- Stored data entries:
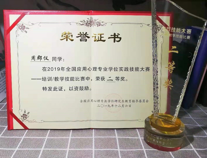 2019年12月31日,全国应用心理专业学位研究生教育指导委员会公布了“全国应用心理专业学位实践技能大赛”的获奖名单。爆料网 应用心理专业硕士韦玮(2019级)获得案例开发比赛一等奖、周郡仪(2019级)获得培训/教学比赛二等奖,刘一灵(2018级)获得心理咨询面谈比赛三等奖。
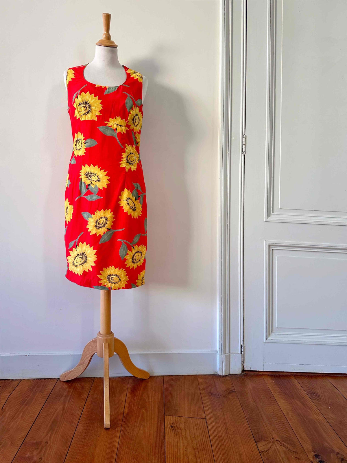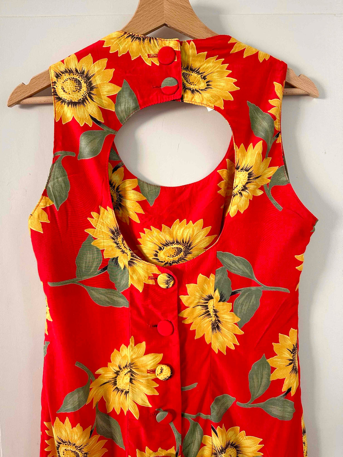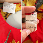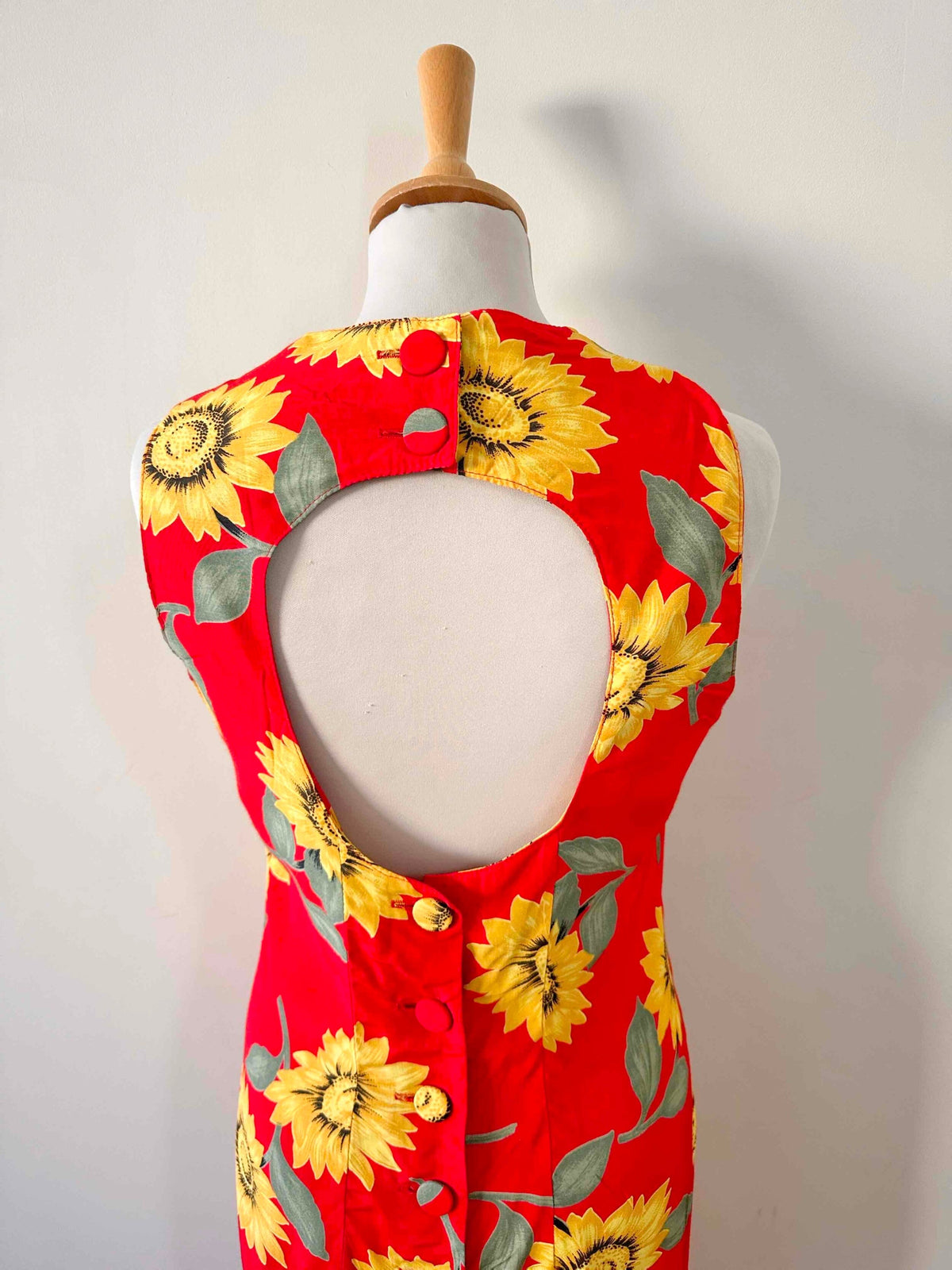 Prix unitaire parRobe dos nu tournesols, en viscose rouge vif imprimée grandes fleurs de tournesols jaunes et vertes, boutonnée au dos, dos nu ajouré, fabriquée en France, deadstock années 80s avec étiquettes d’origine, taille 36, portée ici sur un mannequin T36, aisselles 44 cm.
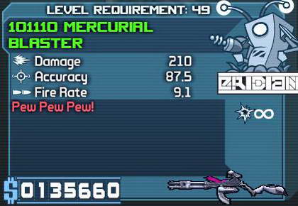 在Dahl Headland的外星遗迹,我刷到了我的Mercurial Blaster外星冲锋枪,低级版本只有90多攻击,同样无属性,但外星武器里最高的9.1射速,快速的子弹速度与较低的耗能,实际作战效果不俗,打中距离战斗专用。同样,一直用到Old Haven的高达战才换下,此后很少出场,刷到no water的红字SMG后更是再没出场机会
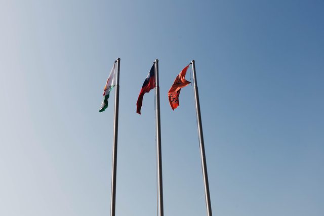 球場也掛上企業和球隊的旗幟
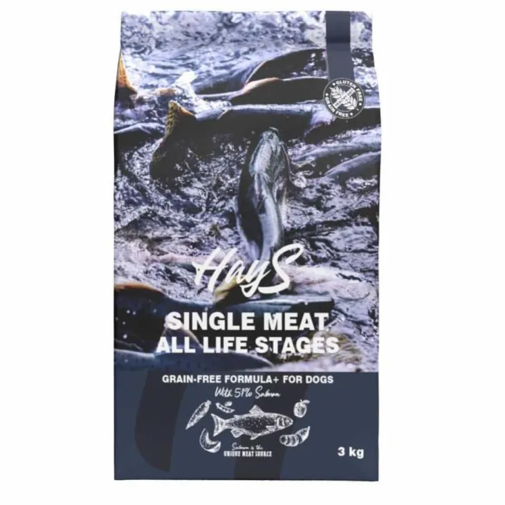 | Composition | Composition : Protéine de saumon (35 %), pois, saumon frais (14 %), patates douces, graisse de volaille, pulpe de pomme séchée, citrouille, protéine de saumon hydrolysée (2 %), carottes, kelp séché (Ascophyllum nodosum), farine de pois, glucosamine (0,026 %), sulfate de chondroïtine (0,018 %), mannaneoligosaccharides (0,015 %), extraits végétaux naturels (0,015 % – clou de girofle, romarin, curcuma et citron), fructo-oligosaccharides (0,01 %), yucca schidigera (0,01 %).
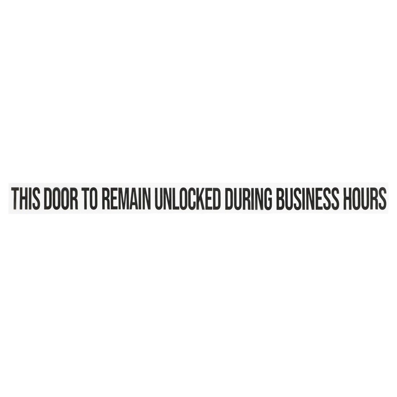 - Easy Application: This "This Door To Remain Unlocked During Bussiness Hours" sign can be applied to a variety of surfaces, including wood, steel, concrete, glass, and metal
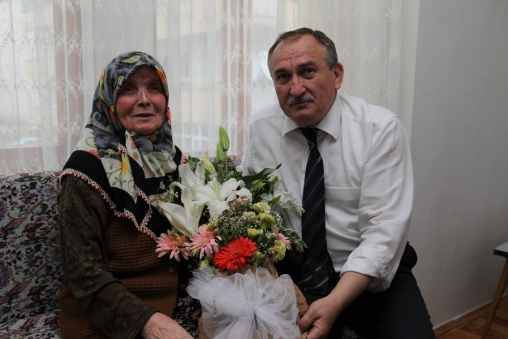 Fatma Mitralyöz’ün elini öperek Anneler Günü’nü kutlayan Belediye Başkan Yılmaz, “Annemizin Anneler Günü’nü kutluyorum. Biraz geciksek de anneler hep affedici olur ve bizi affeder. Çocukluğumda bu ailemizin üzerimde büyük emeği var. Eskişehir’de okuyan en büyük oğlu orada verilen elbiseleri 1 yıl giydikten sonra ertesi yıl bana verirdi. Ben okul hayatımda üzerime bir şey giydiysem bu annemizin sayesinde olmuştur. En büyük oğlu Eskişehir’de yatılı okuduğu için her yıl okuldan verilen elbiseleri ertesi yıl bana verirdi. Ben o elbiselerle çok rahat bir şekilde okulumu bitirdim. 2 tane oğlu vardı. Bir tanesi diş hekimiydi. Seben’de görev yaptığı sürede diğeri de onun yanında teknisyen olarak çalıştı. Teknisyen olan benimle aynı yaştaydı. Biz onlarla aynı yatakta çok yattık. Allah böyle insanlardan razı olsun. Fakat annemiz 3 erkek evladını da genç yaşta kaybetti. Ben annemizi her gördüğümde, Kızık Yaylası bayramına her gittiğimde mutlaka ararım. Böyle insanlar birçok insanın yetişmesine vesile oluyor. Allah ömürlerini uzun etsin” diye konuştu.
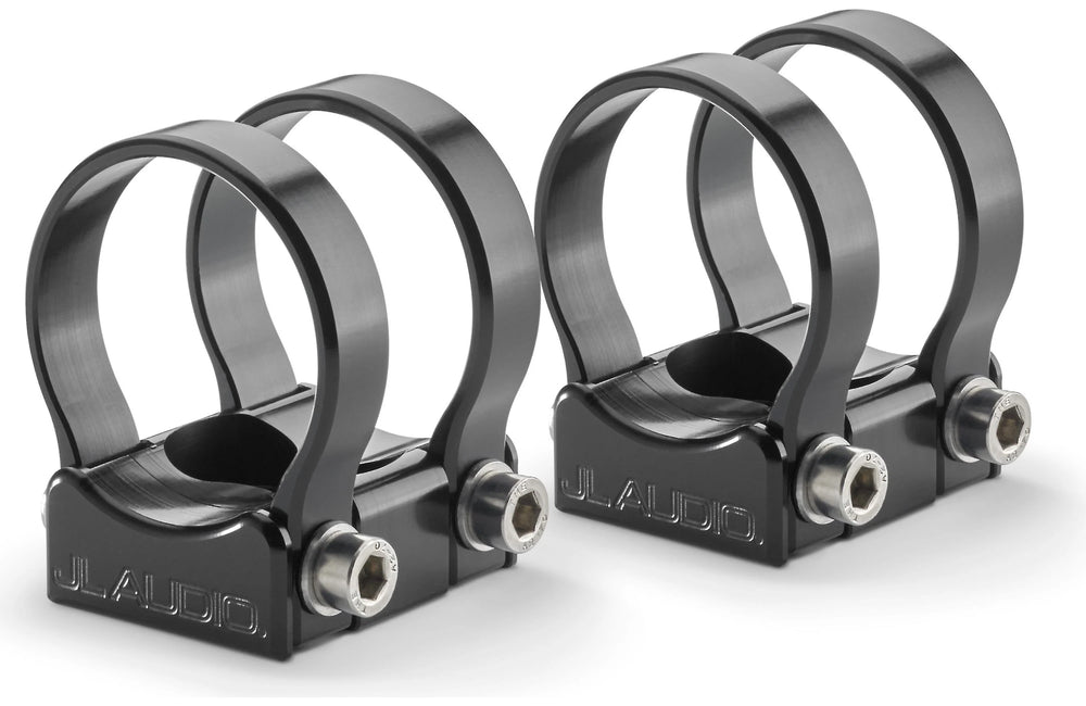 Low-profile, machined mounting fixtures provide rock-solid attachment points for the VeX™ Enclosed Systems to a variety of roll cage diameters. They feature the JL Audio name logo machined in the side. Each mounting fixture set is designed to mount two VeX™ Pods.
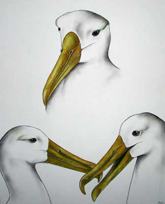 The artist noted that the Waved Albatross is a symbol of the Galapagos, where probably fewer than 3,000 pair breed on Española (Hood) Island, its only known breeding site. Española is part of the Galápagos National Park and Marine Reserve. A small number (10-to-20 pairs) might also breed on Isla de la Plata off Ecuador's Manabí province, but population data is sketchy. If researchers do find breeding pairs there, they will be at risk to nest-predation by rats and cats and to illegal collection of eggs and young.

- About this task: Please copy out the entries above exactly as they appear, but skip their images.

- Result below:
 2019年12月31日,全国应用心理专业学位研究生教育指导委员会公布了“全国应用心理专业学位实践技能大赛”的获奖名单。爆料网 应用心理专业硕士韦玮(2019级)获得案例开发比赛一等奖、周郡仪(2019级)获得培训/教学比赛二等奖,刘一灵(2018级)获得心理咨询面谈比赛三等奖。
 Prix unitaire parRobe dos nu tournesols, en viscose rouge vif imprimée grandes fleurs de tournesols jaunes et vertes, boutonnée au dos, dos nu ajouré, fabriquée en France, deadstock années 80s avec étiquettes d’origine, taille 36, portée ici sur un mannequin T36, aisselles 44 cm.
 在Dahl Headland的外星遗迹,我刷到了我的Mercurial Blaster外星冲锋枪,低级版本只有90多攻击,同样无属性,但外星武器里最高的9.1射速,快速的子弹速度与较低的耗能,实际作战效果不俗,打中距离战斗专用。同样,一直用到Old Haven的高达战才换下,此后很少出场,刷到no water的红字SMG后更是再没出场机会
 球場也掛上企業和球隊的旗幟
 | Composition | Composition : Protéine de saumon (35 %), pois, saumon frais (14 %), patates douces, graisse de volaille, pulpe de pomme séchée, citrouille, protéine de saumon hydrolysée (2 %), carottes, kelp séché (Ascophyllum nodosum), farine de pois, glucosamine (0,026 %), sulfate de chondroïtine (0,018 %), mannaneoligosaccharides (0,015 %), extraits végétaux naturels (0,015 % – clou de girofle, romarin, curcuma et citron), fructo-oligosaccharides (0,01 %), yucca schidigera (0,01 %).
 - Easy Application: This "This Door To Remain Unlocked During Bussiness Hours" sign can be applied to a variety of surfaces, including wood, steel, concrete, glass, and metal
 Fatma Mitralyöz’ün elini öperek Anneler Günü’nü kutlayan Belediye Başkan Yılmaz, “Annemizin Anneler Günü’nü kutluyorum. Biraz geciksek de anneler hep affedici olur ve bizi affeder. Çocukluğumda bu ailemizin üzerimde büyük emeği var. Eskişehir’de okuyan en büyük oğlu orada verilen elbiseleri 1 yıl giydikten sonra ertesi yıl bana verirdi. Ben okul hayatımda üzerime bir şey giydiysem bu annemizin sayesinde olmuştur. En büyük oğlu Eskişehir’de yatılı okuduğu için her yıl okuldan verilen elbiseleri ertesi yıl bana verirdi. Ben o elbiselerle çok rahat bir şekilde okulumu bitirdim. 2 tane oğlu vardı. Bir tanesi diş hekimiydi. Seben’de görev yaptığı sürede diğeri de onun yanında teknisyen olarak çalıştı. Teknisyen olan benimle aynı yaştaydı. Biz onlarla aynı yatakta çok yattık. Allah böyle insanlardan razı olsun. Fakat annemiz 3 erkek evladını da genç yaşta kaybetti. Ben annemizi her gördüğümde, Kızık Yaylası bayramına her gittiğimde mutlaka ararım. Böyle insanlar birçok insanın yetişmesine vesile oluyor. Allah ömürlerini uzun etsin” diye konuştu.
 Low-profile, machined mounting fixtures provide rock-solid attachment points for the VeX™ Enclosed Systems to a variety of roll cage diameters. They feature the JL Audio name logo machined in the side. Each mounting fixture set is designed to mount two VeX™ Pods.
 The artist noted that the Waved Albatross is a symbol of the Galapagos, where probably fewer than 3,000 pair breed on Española (Hood) Island, its only known breeding site. Española is part of the Galápagos National Park and Marine Reserve. A small number (10-to-20 pairs) might also breed on Isla de la Plata off Ecuador's Manabí province, but population data is sketchy. If researchers do find breeding pairs there, they will be at risk to nest-predation by rats and cats and to illegal collection of eggs and young.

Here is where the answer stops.